Dlatego Wera czekała potulnie, chowając się za plecami pierwszego chirurga korpusu jak dziecko. I choć jego nieuporządkowany, chaotyczny styl życia z początku ją odrzucał, to teraz zaczynała odnajdywać w nim coś fascynującego.
W ciągu dnia Roch zaglądał do generała kontrolnie co parę godzin, a w międzyczasie wspierał działania Hanji Zoë, która wydawała się przytłoczona i przemęczoną swoją nową rolą; Weronika miała wrażenie, że odpowiadała za funkcjonowanie wszystkiego. Wieczorem Rottenberg pił swoje nalewki i prowadził dodatkowe, różnorodne badania — zajmował się neurologią, psychoanalizą, botaniką, farmacją... Weronikę włączył do obu tych aktywności, równocześnie zapewniając przestrzeń we własnej pracowni i niejako wymuszając poszanowanie jej wśród żołnierzy. Mówił o niej jak o równej sobie, choć nie miała żadnych wojskowych tytułów ani przywilejów — zarządzała zatem prowizoryczną salą chorych najlepiej i najpewniej, jak tylko umiała, tym samym odciążając i jego i upiorną pułkownik. Już nie czuła się niewidzialna, a wprost przeciwnie; wszystkie polecenia były realizowane od razu, bez cienia nieprzyjemności.
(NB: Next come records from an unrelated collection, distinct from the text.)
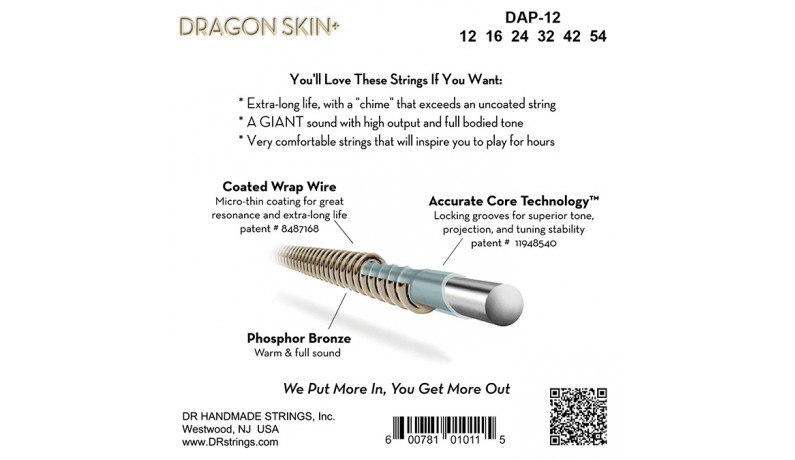 У Dragon Skin+ модернізовані як сердечник, так і обмотка, щоб вони були виключно музичними, збалансованими та гучними. Технологія Accurate Core Technology™ створює канавки на осерді, щоб утримувати обмотку, дозволяючи струнам звучати на повну силу.
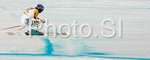: Tenth placed Maria Riesch of Germany skiing in Women Downhill race of Tarvisio Audi FIS Ski World Cup 2008-09. Downhill race of Women Audi FIS Ski World Cup 2008-09 was held in Tarvisio, Italy on Saturdayday, 21st of February 2009.
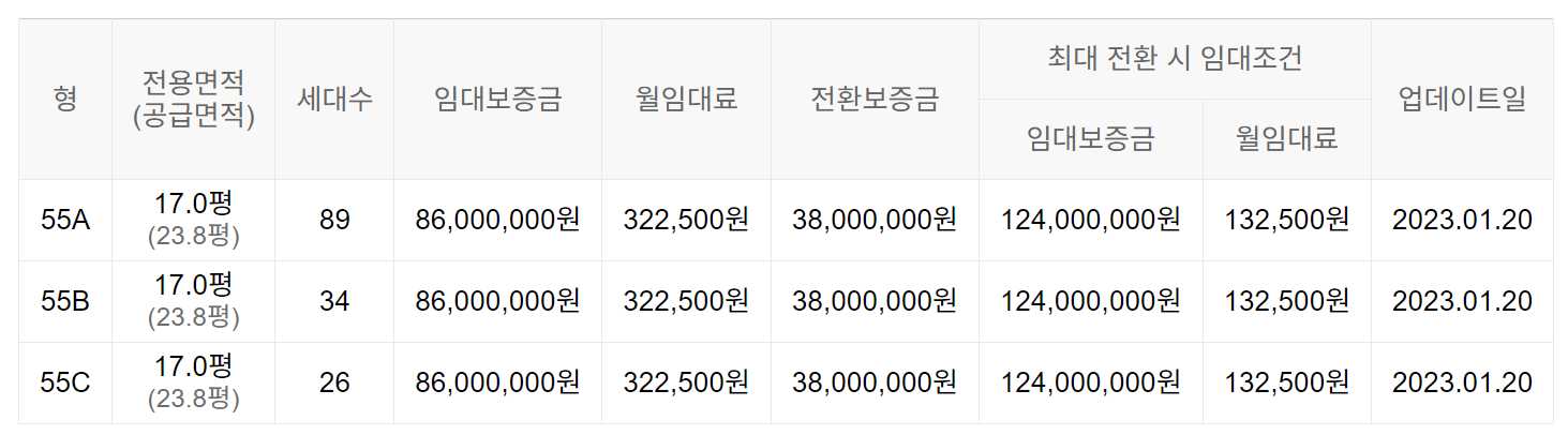 임대보증금 및 월 임대료는 입주자 모집공고일 기준으로 보증금 최대 전환 시 변동될 수 있습니다.
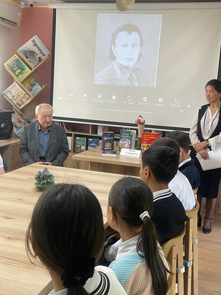 Бүгін біздің мектебіміздің 5 және 6 сынып оқушылары (сынып жетекшілері- Оспанова Гүлжан және Гульзина Бақытқызы) Түрксіб ауданындағы №1 балалар кітапханасына барып, белгілі жазушы, Қазақстан Жазушылар одағының мүшесі, Халықаралық Байқоңыр сыйлықтарының лауреаты, бұрынғы КСРО Ғылым академиясы құрамындағы Бүкілодақтық Астрономия-геодезия қоғамының толық мүшесі - Жүніс (Сахиев) Сақұрпағымен кездесіп қайтты. Кездесу барысында жазушы балалармен өз естеліктерімен бөлісіп, көптеген рухани әңгімелер айтып, жақсы, тәрбиелі бала болу үшін не істеу керектігін айтты. Сұрақтарына жауап беріп, келелі ойларын ортаға салып, кітаптарымен таныстырды. Осылайша біздің балаларымыз мәнді де мағыналы кездесудің қонағы болып, осындай кездесудің өтуіне ұйытқы болған мектеп кітапханашысы Кабытаева Назира Ажибаевнаға және кітапхана қызметкерлеріне ризашылық сезімдерін білдірді. Рухани тұрғыда аздап болса да байып, дән риза болысты.

Okazyjnie zamieniła parę słów także z Levim, którego, jak jej się wydawało, zaczęła krępować łącząca ich zażyłość, nawet jeśli dla niej była wyłącznie chłodnym koleżeństwem przepełnionym obustronnym dystansem. Jednakże, z jakiegoś powodu (wdzięczności?) kapitan postanowił otoczyć ją nienaturalnym parasolem ochronnym. Pojawiał się przelotem, w przypadkowych momentach, ograniczając komunikację między nimi do tego, żeby przypilnować wzrokiem osób, którym zleciła coś do roboty. Zdarzyły się też przelotne podziękowania i parę prób wyręczeń — absolutnie nie pozwalał jej dźwigać, a po sprawunki wysyłał młodych chłopaków, którzy wyglądali na unobilitowanych samym faktem, ze „ktoś taki jak sam kapitan Levi" wydał im polecenie.
— Zobacz, co Hanji nam zbudowała — Rottenberg wyrwał ją z przemyśleń: podbródkiem wskazał na maszynerię przypominającą mikroskop.
Delikatnie odstawiła pióro do kałamarza pokrytego szorstkimi smugami zaschniętego już tuszu, po czym uśmiechnęła się do Rochana przelotnie, instynktownie uciekając od jego wzroku. Nachyliła się z uwagą i spojrzała przez pionową lunetę: chaotycznie wijące się dowody istnienia były wyraźnie widoczne na bieli płytki. — Spróbujemy je wyizolować do leków — doprecyzował Rottenberg.
— Niesłychane... świetne jak na samoróbkę — przyznała bez zastanowienia. — Dziękuję, że mi to pokazujesz.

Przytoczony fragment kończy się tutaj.